Wednesday 10 September 2014

Agoraphobic + Telephobic = how am I supposed to get by?!

With a little research and plenty of thinking, I've come to the conclusion that I am almost certainly Agoraphobic.

I am still looking up support stuff, like diagnosis and treatment and I came across this:
Speak to your GP if you think you have agoraphobia.
If you're unable to visit your GP in person it should be possible to arrange a telephone consultation.
Slight problem: I'm Telephobic too. Damn it :/

I have been improving, answering the phone more often, but I am still very anxious - from the ringing to the conversation - everything about it makes me shaky. Feel nervous just thinking about it.

My worst problem is that my avoidance of answering the phone aggravates my family - they all get angry with me if I'm the closest but I deliberately ignore the phone ringing. My dad especially, Mr Mind-Over-Matter, I can hardly try to explain to him. He'll shrug me off, telling me to practice Reiki.... I'm serious, or he'll say just breathe deeply and calm down. Oh for god's sake dad, you've no flippin' clue have you, I can't just breathe it away!

Now I'm the one who's aggravated...

I'm getting into an elevated panic now - how am I supposed to live? It's not as simple as facing your fears, I'm not ready for that.
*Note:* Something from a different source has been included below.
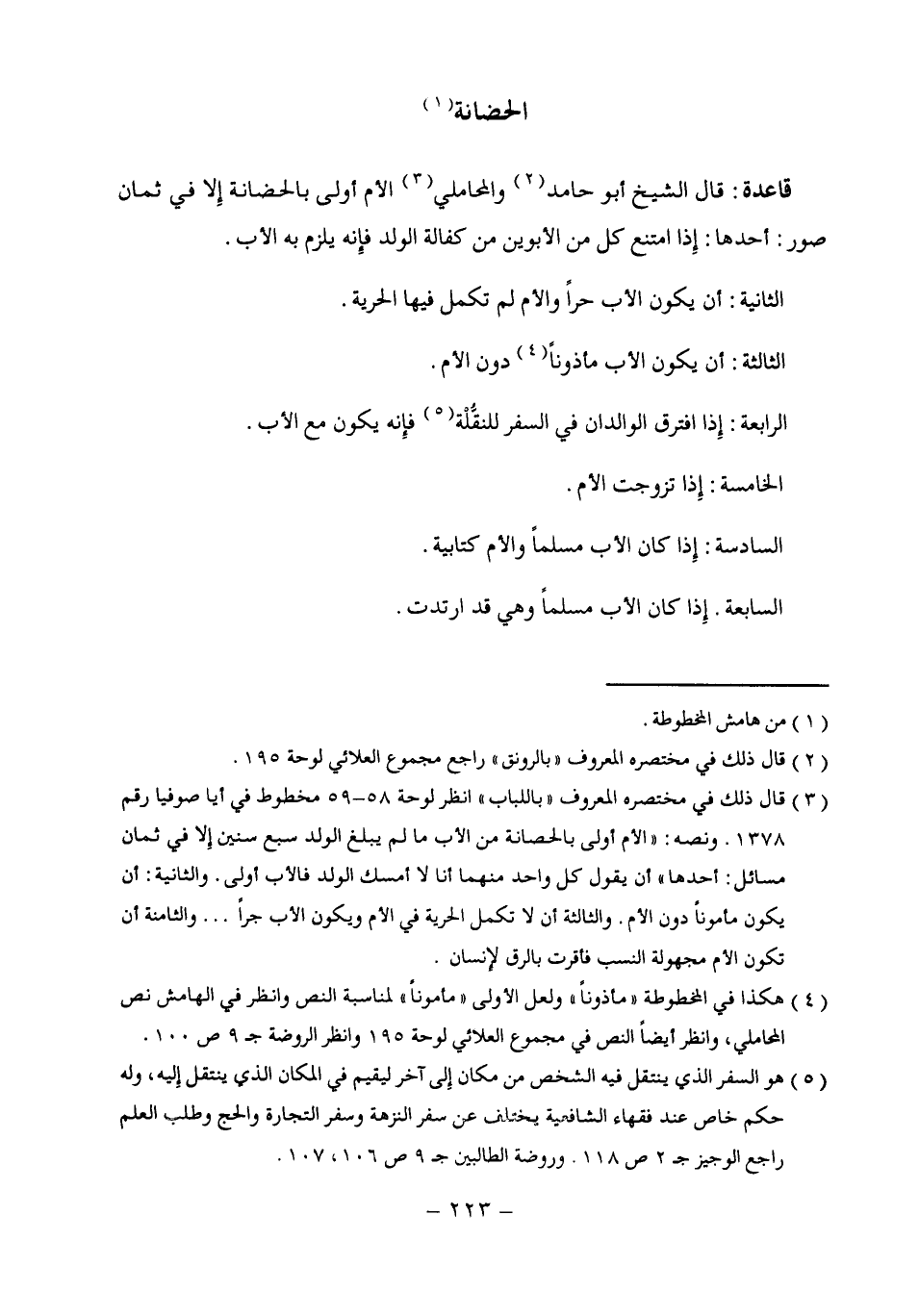 (¬3) قال ذلك في مختصره المعروف "باللباب" انظر لوحة 58 - 59 مخطوط في أيا صوفيا رقم 1378. ونصه: "الأم أولى بالحصانة من الأب ما لم يبلغ الولد سبع سنين إِلا في ثمان مسائل: أحدها" أن يقول كل واحد منهما أنا لا أمسك الولد فالأب أولى. والثانية: أن يكون مأمونًا دون الأم. والثالثة أن لا تكمل الحرية في الأم ويكون الأب جرًا ... والثامنة أن تكون الأم مجهولة النسب فأقرت بالرق لإِنسان.

I suppose the Telephobia can be tackled very gradually, but I feel pretty useless right now.

Just a hunk of meat, a waste of space :'(

Feeling pretty hungry and would love a cup of tea, but I'm staying in my room while my sister's downstairs. Maybe I feel intimidated because I feel that she judges me. She would dispute that I'm sure, but it's a big point of anxiety for me. Well, she'll be down there all day, but while mum is out I don't think I can handle it. I have a window next to me showing the front of the house, so I will know as soon as mum gets back, then I will go down.